→ GIVEN RECORDS
----
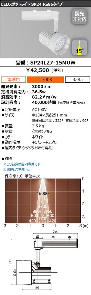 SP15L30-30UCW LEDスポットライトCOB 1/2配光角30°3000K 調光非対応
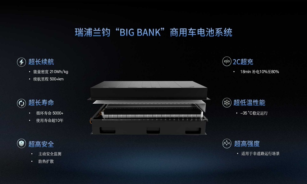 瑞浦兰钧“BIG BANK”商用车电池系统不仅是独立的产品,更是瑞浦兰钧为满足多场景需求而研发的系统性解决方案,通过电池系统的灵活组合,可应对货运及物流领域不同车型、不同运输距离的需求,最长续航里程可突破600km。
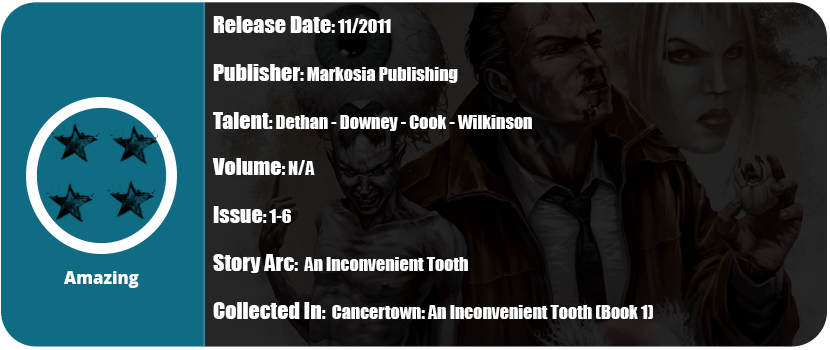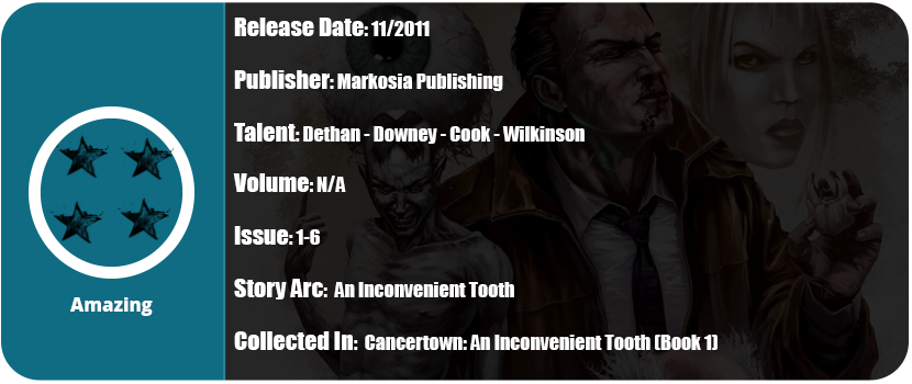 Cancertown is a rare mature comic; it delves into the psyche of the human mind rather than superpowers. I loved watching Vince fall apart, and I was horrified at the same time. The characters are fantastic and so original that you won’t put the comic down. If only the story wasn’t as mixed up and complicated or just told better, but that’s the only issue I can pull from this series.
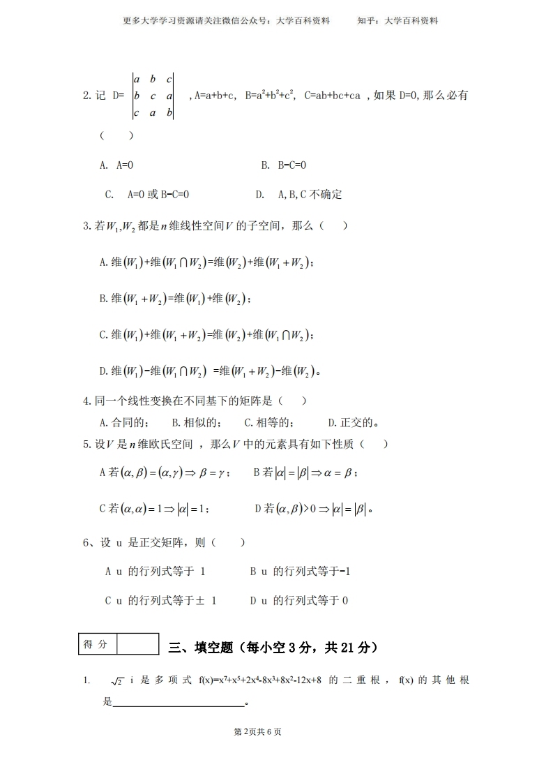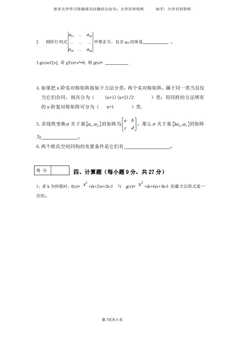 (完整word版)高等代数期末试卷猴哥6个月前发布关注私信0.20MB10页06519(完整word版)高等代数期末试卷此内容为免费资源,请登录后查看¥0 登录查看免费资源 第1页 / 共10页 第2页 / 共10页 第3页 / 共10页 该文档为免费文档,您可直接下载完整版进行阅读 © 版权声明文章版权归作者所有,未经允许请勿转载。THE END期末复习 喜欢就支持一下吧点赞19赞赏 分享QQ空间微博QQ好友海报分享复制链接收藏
----
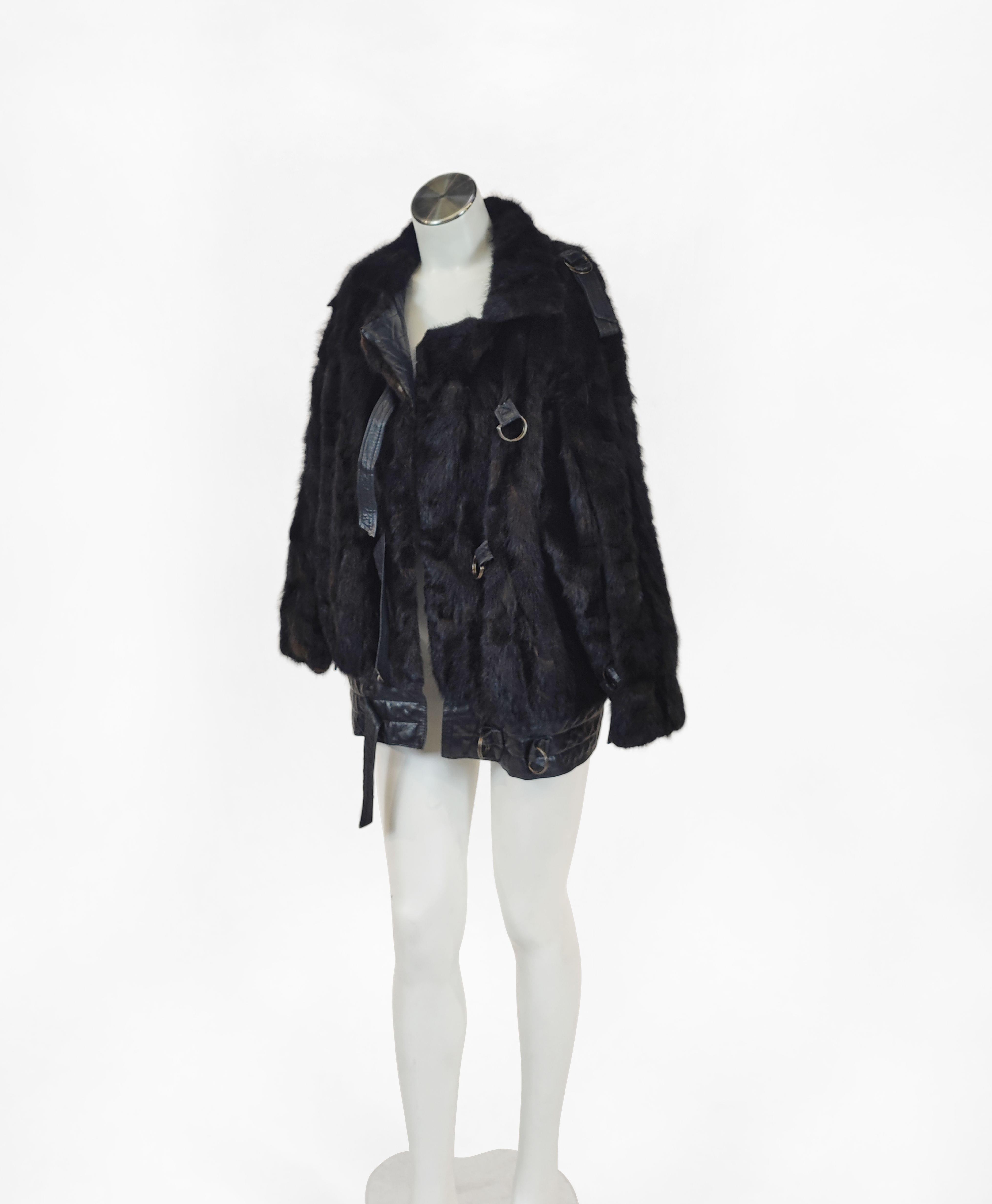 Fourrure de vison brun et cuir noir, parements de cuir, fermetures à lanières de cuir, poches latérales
----
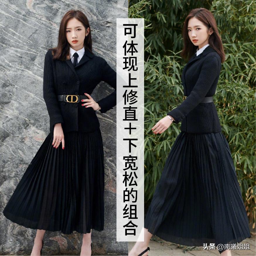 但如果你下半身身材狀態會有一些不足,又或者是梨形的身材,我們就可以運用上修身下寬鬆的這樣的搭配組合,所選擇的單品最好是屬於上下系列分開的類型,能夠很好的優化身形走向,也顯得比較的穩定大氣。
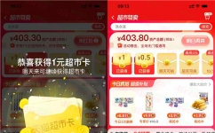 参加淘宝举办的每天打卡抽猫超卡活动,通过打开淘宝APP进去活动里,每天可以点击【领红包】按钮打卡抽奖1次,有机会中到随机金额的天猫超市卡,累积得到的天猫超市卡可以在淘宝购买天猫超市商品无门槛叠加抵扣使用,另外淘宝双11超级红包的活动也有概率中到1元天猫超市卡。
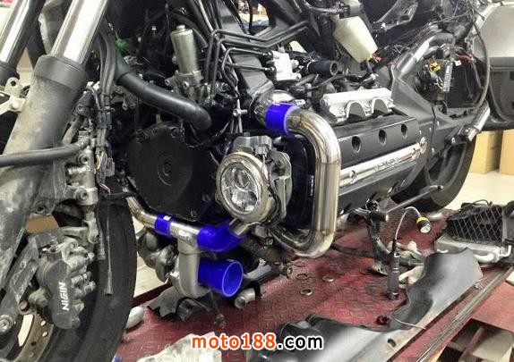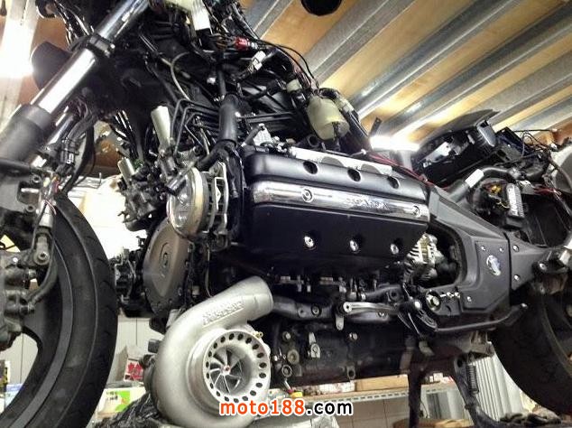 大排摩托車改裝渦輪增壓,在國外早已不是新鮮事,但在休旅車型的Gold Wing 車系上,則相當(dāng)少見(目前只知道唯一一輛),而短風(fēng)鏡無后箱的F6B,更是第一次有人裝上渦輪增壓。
----
→ WHAT YOU HAVE TO DO
With the pictures omitted, restate word for word the lines above from the line that has "SP15L30-30UCW LEDスポットライトCOB 1/2配光角30°3000K" up to and including the line that has "END期末复习 喜欢就支持一下吧点赞19赞赏 分享QQ空间微博QQ好友海报分享复制链接收藏", and no other lines.

→ RESPONSE
 SP15L30-30UCW LEDスポットライトCOB 1/2配光角30°3000K 調光非対応
 瑞浦兰钧“BIG BANK”商用车电池系统不仅是独立的产品,更是瑞浦兰钧为满足多场景需求而研发的系统性解决方案,通过电池系统的灵活组合,可应对货运及物流领域不同车型、不同运输距离的需求,最长续航里程可突破600km。
 Cancertown is a rare mature comic; it delves into the psyche of the human mind rather than superpowers. I loved watching Vince fall apart, and I was horrified at the same time. The characters are fantastic and so original that you won’t put the comic down. If only the story wasn’t as mixed up and complicated or just told better, but that’s the only issue I can pull from this series.
 (完整word版)高等代数期末试卷猴哥6个月前发布关注私信0.20MB10页06519(完整word版)高等代数期末试卷此内容为免费资源,请登录后查看¥0 登录查看免费资源 第1页 / 共10页 第2页 / 共10页 第3页 / 共10页 该文档为免费文档,您可直接下载完整版进行阅读 © 版权声明文章版权归作者所有,未经允许请勿转载。THE END期末复习 喜欢就支持一下吧点赞19赞赏 分享QQ空间微博QQ好友海报分享复制链接收藏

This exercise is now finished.